= Work task =
Pictures stay out of the output. Return exactly the lines below from the one with "3、登录后勾选 【我已同意《服务市场用户授权协议》】,点击 【同意授权】。" down to the one with "The Vatican today", both included, and nothing more.

= Entries supplied =
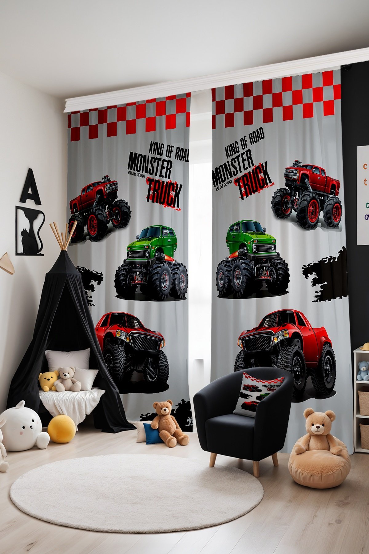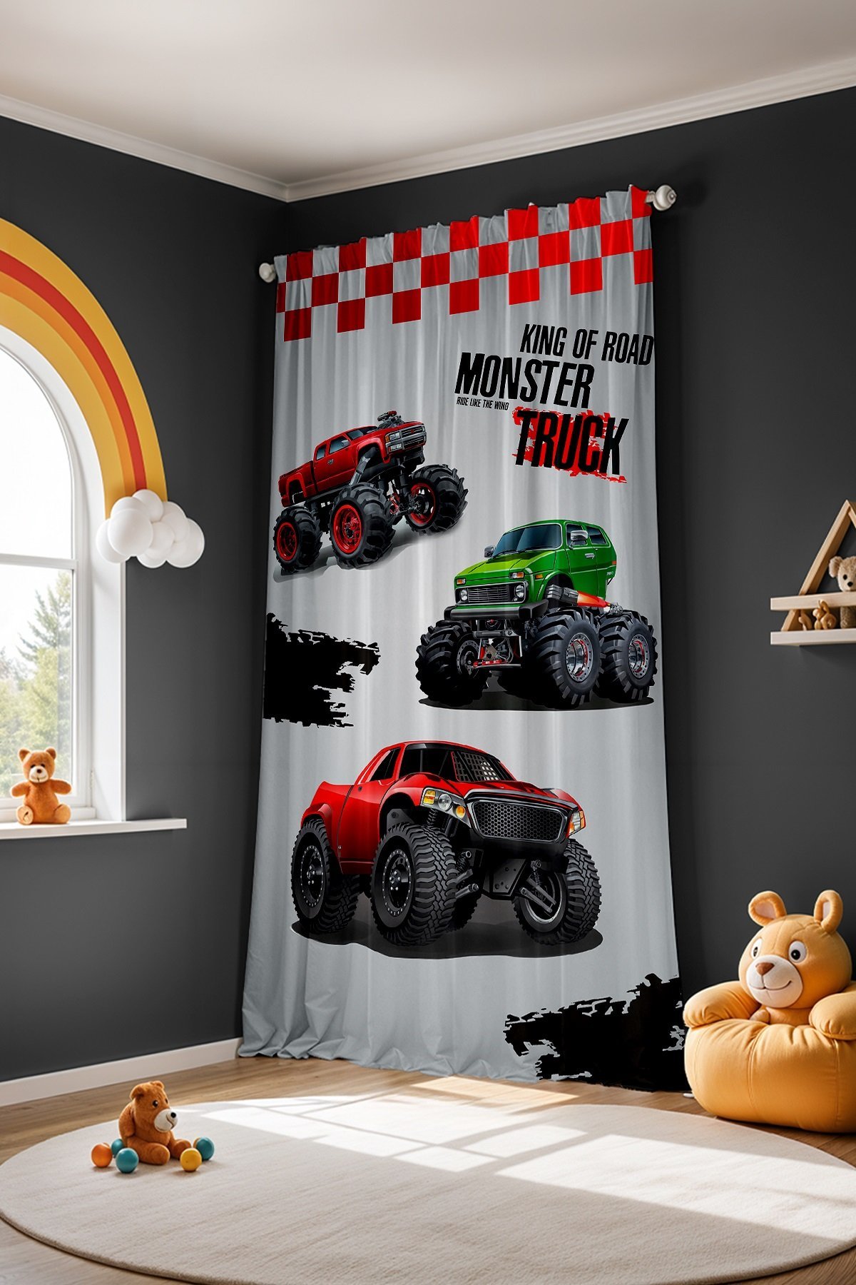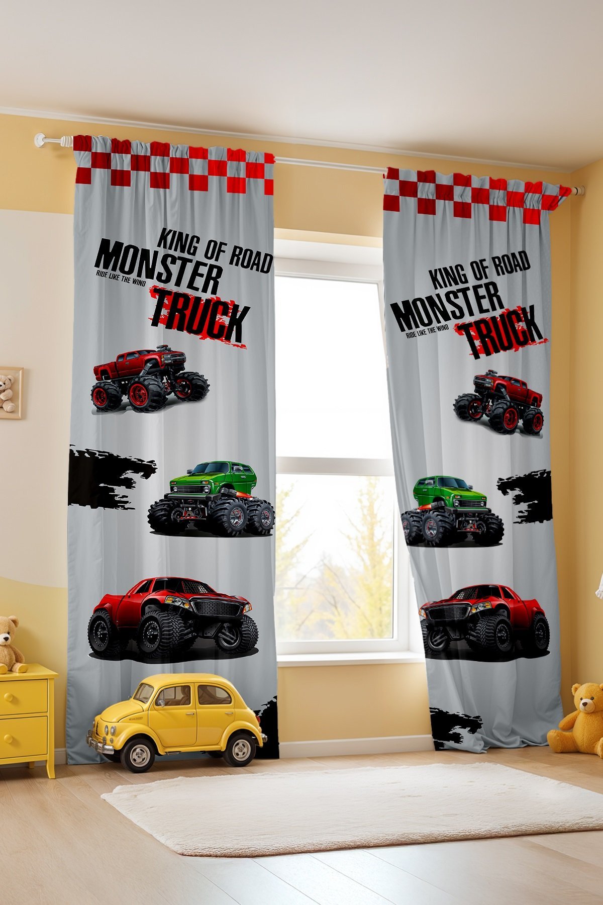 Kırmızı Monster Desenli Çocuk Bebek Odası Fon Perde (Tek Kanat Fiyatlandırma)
...
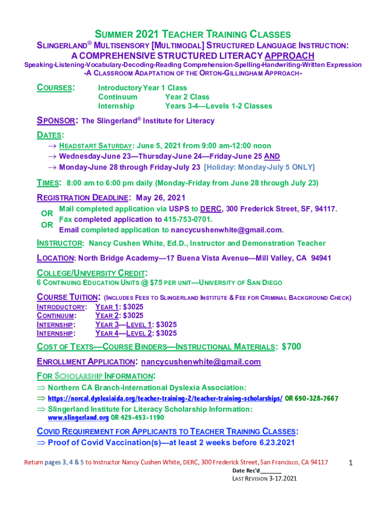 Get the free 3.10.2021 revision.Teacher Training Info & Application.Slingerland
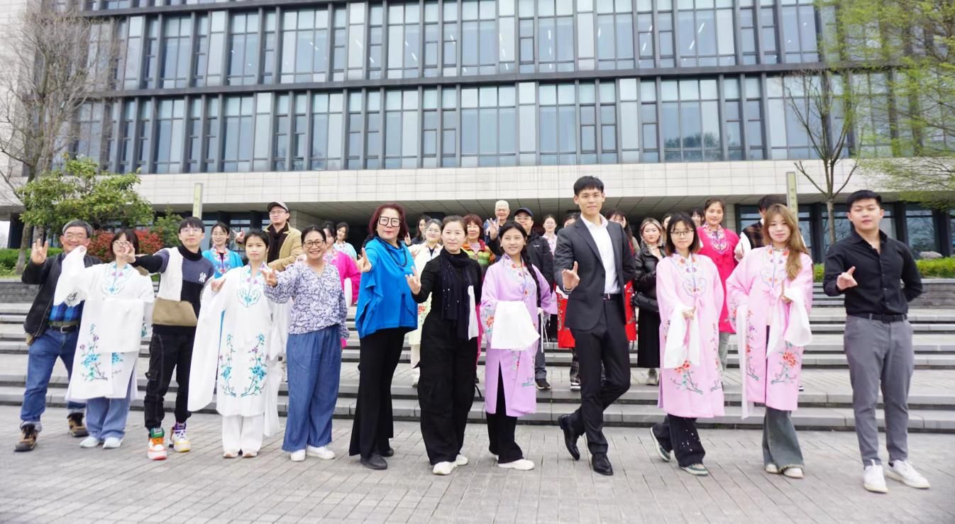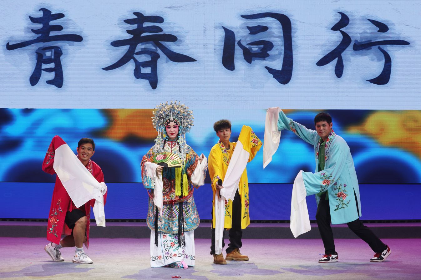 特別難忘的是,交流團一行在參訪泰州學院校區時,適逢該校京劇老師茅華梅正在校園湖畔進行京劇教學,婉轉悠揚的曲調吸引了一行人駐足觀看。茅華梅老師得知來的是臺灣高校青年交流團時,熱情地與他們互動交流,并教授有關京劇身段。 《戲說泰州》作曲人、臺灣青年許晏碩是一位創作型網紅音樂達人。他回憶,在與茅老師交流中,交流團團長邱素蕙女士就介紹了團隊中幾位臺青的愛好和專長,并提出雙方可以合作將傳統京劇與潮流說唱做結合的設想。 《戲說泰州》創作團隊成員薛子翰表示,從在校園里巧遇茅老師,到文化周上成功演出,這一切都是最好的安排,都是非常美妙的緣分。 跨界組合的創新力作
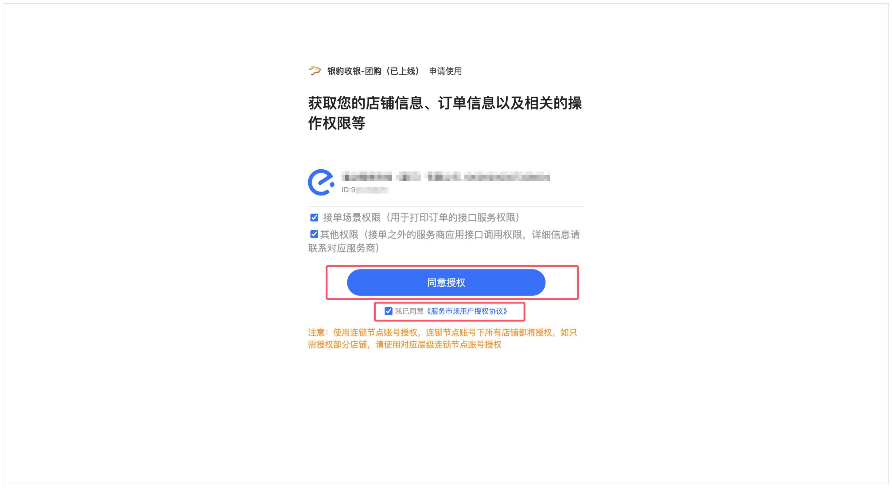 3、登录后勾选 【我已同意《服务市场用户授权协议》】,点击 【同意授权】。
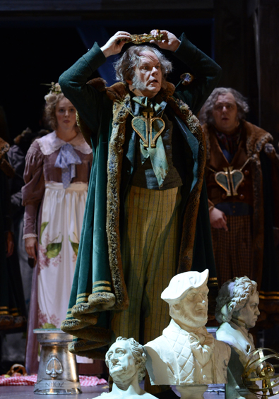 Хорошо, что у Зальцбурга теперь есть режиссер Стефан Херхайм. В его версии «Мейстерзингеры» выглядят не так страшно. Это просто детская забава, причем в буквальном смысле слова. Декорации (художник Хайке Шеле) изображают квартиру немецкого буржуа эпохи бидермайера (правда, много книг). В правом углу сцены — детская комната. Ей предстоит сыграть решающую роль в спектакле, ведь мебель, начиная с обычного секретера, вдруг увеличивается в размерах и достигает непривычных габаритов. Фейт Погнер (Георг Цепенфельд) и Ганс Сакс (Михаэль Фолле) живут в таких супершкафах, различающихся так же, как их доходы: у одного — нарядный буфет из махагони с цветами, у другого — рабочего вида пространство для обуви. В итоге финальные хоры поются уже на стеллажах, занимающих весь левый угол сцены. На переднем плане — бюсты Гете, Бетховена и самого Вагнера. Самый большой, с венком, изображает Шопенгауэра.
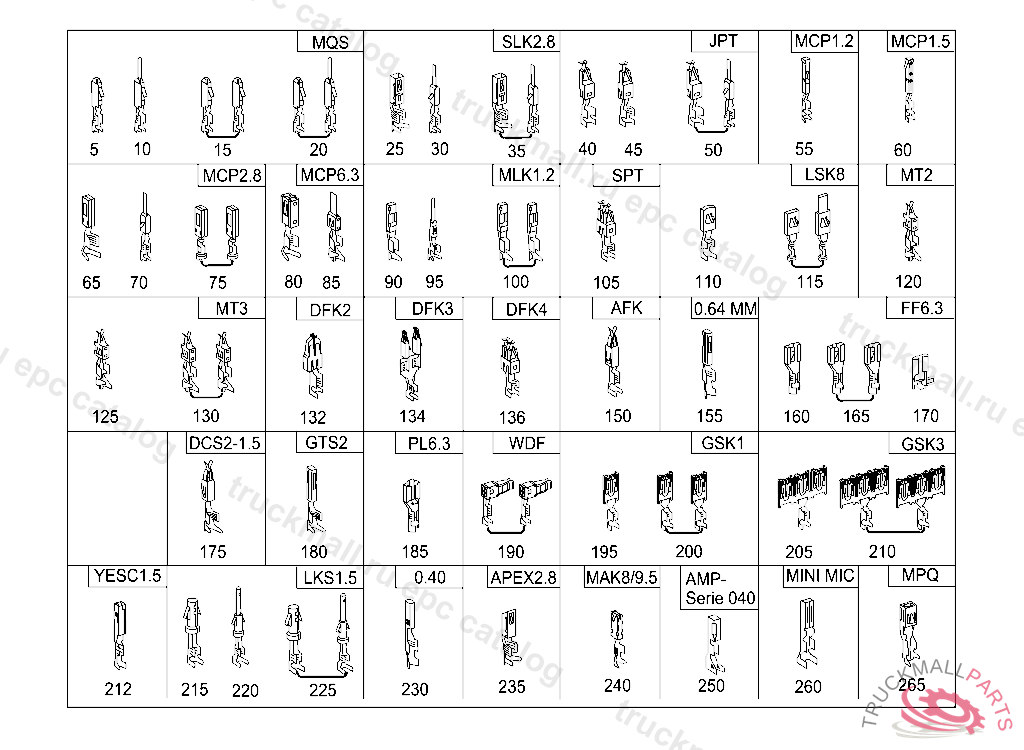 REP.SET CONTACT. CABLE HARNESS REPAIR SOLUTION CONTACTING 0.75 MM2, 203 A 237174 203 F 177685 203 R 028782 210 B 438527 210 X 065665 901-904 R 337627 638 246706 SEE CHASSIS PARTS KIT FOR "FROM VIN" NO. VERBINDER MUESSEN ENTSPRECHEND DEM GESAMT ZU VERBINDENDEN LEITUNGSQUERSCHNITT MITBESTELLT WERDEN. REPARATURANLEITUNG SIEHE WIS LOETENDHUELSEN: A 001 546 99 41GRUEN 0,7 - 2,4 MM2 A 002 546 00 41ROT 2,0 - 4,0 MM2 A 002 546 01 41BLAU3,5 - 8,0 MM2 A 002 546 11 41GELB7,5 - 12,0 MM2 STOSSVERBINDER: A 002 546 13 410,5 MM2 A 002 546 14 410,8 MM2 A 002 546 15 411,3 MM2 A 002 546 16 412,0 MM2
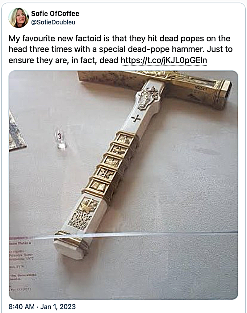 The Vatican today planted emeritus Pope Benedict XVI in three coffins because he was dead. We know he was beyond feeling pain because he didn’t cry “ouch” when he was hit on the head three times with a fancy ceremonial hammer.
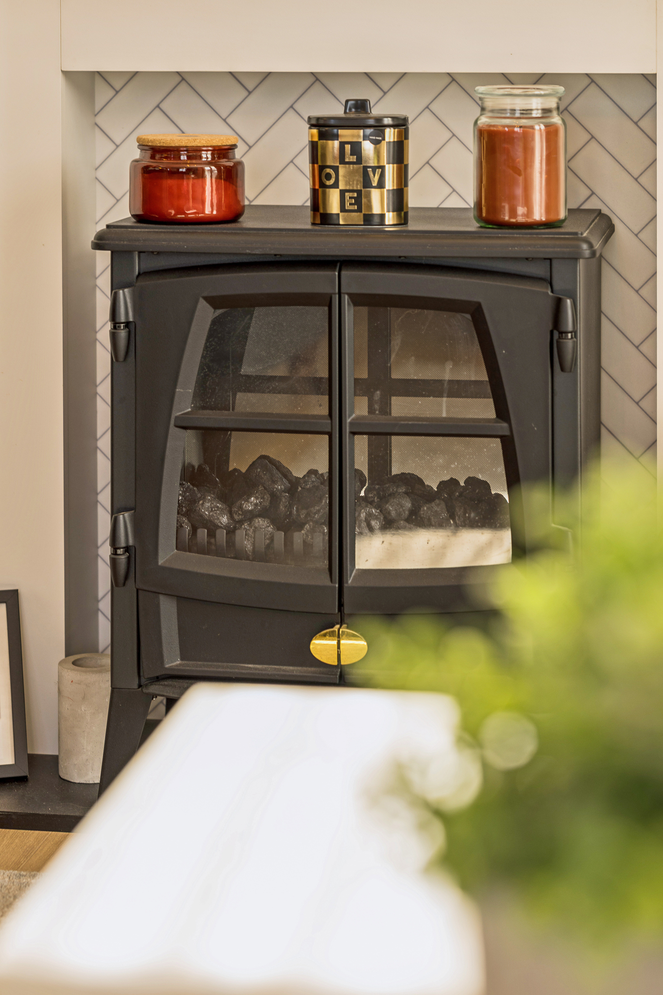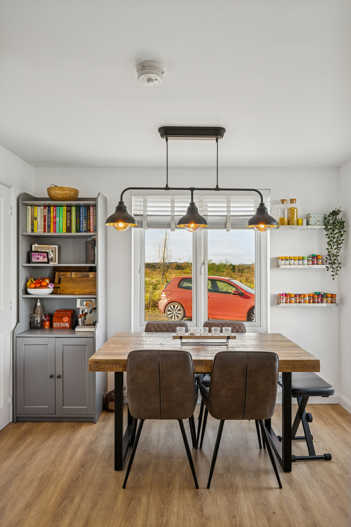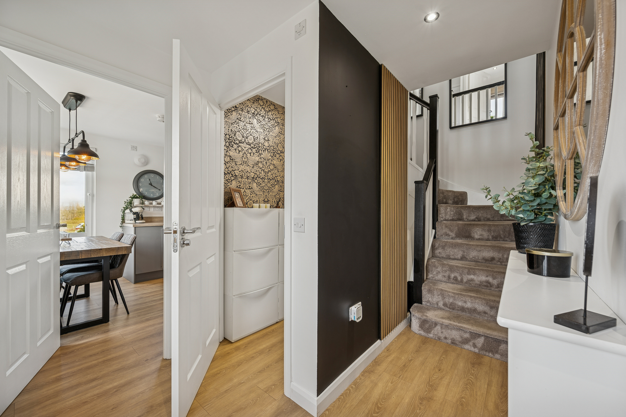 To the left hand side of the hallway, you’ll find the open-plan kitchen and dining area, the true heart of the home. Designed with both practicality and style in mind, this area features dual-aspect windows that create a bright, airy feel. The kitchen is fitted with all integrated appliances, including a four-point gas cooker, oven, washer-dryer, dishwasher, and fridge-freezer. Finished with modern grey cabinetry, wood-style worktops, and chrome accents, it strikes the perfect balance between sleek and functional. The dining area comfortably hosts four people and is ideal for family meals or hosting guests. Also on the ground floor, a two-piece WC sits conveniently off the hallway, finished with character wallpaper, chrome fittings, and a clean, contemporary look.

= Task response =
 3、登录后勾选 【我已同意《服务市场用户授权协议》】,点击 【同意授权】。
 Хорошо, что у Зальцбурга теперь есть режиссер Стефан Херхайм. В его версии «Мейстерзингеры» выглядят не так страшно. Это просто детская забава, причем в буквальном смысле слова. Декорации (художник Хайке Шеле) изображают квартиру немецкого буржуа эпохи бидермайера (правда, много книг). В правом углу сцены — детская комната. Ей предстоит сыграть решающую роль в спектакле, ведь мебель, начиная с обычного секретера, вдруг увеличивается в размерах и достигает непривычных габаритов. Фейт Погнер (Георг Цепенфельд) и Ганс Сакс (Михаэль Фолле) живут в таких супершкафах, различающихся так же, как их доходы: у одного — нарядный буфет из махагони с цветами, у другого — рабочего вида пространство для обуви. В итоге финальные хоры поются уже на стеллажах, занимающих весь левый угол сцены. На переднем плане — бюсты Гете, Бетховена и самого Вагнера. Самый большой, с венком, изображает Шопенгауэра.
 REP.SET CONTACT. CABLE HARNESS REPAIR SOLUTION CONTACTING 0.75 MM2, 203 A 237174 203 F 177685 203 R 028782 210 B 438527 210 X 065665 901-904 R 337627 638 246706 SEE CHASSIS PARTS KIT FOR "FROM VIN" NO. VERBINDER MUESSEN ENTSPRECHEND DEM GESAMT ZU VERBINDENDEN LEITUNGSQUERSCHNITT MITBESTELLT WERDEN. REPARATURANLEITUNG SIEHE WIS LOETENDHUELSEN: A 001 546 99 41GRUEN 0,7 - 2,4 MM2 A 002 546 00 41ROT 2,0 - 4,0 MM2 A 002 546 01 41BLAU3,5 - 8,0 MM2 A 002 546 11 41GELB7,5 - 12,0 MM2 STOSSVERBINDER: A 002 546 13 410,5 MM2 A 002 546 14 410,8 MM2 A 002 546 15 411,3 MM2 A 002 546 16 412,0 MM2
 The Vatican today planted emeritus Pope Benedict XVI in three coffins because he was dead. We know he was beyond feeling pain because he didn’t cry “ouch” when he was hit on the head three times with a fancy ceremonial hammer.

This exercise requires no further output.